Viewing 14 reply threads
  • Author
    Posts
    • #563
      Grace Hopper
      Participant

        hi..

        how to identify the best decoy according to clustering tree.
        if my protein is 176 aa, how many decoy should i generate

      • #3953
        Sally Ride
        Participant

          Ad 1) I usually do as following:

          ^find /full/path/to/decoys/folder/ -maxdepth 1 -name ‘*.pdb’ -size +1 > list^
          ^/home/kosa/bin/compose_score_silent.py t228.out list^
          ^/home/kosa/bin/cluster_info_silent.out ../t228.out – t228 5,25,50,100 2,5^

          and eventually re-running the last step with different options.

          Ad 2) I think nobody knows the answer for this question ;-) You might try to cluster decoys after generating lets say 10 000 decoys, analyze the results and then if you do not see big clusters generate more decoys … The results depend also on the particular protein, some of them “fold more easily” with rosetta (ex. those with simple topologies).

          > hi..
          >
          > how to identify the best decoy according to clustering tree.
          > if my protein is 176 aa, how many decoy should i generate

        • #3959
          Grace Hopper
          Participant

            hi kosa,
            how to identify big cluster according to the tree figure
            do u have eg. for the big cluster

          • #3960
            Grace Hopper
            Participant

              can u please go to this blog:
              http://icbbio.blogspot.com/

              what is your comment about this clustering tree

              is there any good decoy to start protein modelling

            • #3961
              Sally Ride
              Participant

                Well, it does not look very good… Look at the rmsd values: they are pretty high (above 8A) and clusters are in the same time quite small.
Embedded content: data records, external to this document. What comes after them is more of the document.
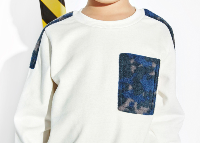 White body with camouflage printing at shoulder ane sleeve,printing patch pocket at front
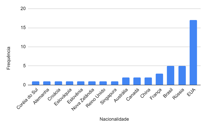 Dos países identificados, apenas produções científicas do continente africano não foram contempladas na revisão sistemática. A ausência de pesquisas africanas sustenta a afirmação de Maree (2018) sobre o número limitado de investigações sobre superdotação na África, exceto às contribuições científicas da África do Sul. Em contrapartida, os Estados Unidos se destacaram com 17 pesquisas na área de superdotação artística, o que pode estar relacionado com o pioneirismo do país na área da avaliação psicológica, inteligência e superdotação (Hayes; Embretson, 2023).
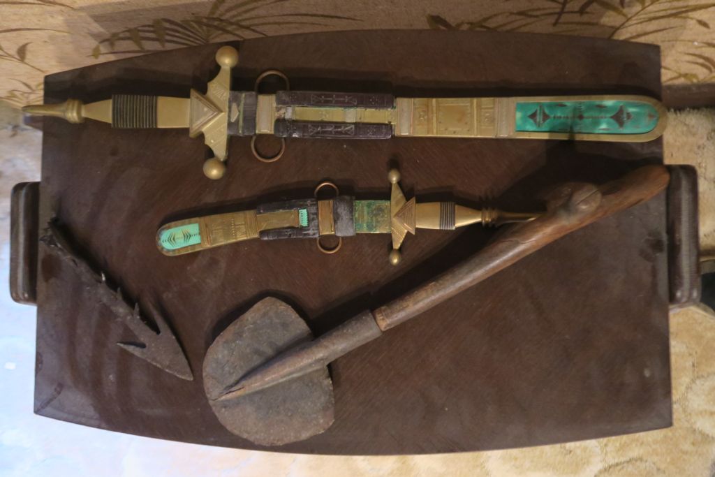Pointe de flèche en bronze un coupe coupe oriental une pelle une épée orientale en bronze et laiton
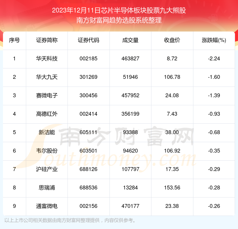 以上就是网络对国内股票配资 【数据复盘】芯片半导体板块股票2023年12月11日九大熊股名单的解读(https://www.youge168.com/news-pzhq/51824.html)希望可以帮助您。

In the prefix.info file you should be able to find the exact rmsd cutoff which was used for the clustering. I would check the superposition of the decoys in five top clusters to see what 8A actually means for your protein. You should have the CA superpositions in files with names such as cluster00.015.pdb. If the decoys are virtually dissimilar you need to go down with the rmsd threshold (by manipulating cluster_info_silent.out options). But then of course you would get smaller clusters (and I would not be sure whether clusters with less then 10 members are meaningful at all…).

                Maybe indeed you need to generate more decoys (how many you got so far?) or run rosetta with different options. Maybe it is possible to split your protein into two domains?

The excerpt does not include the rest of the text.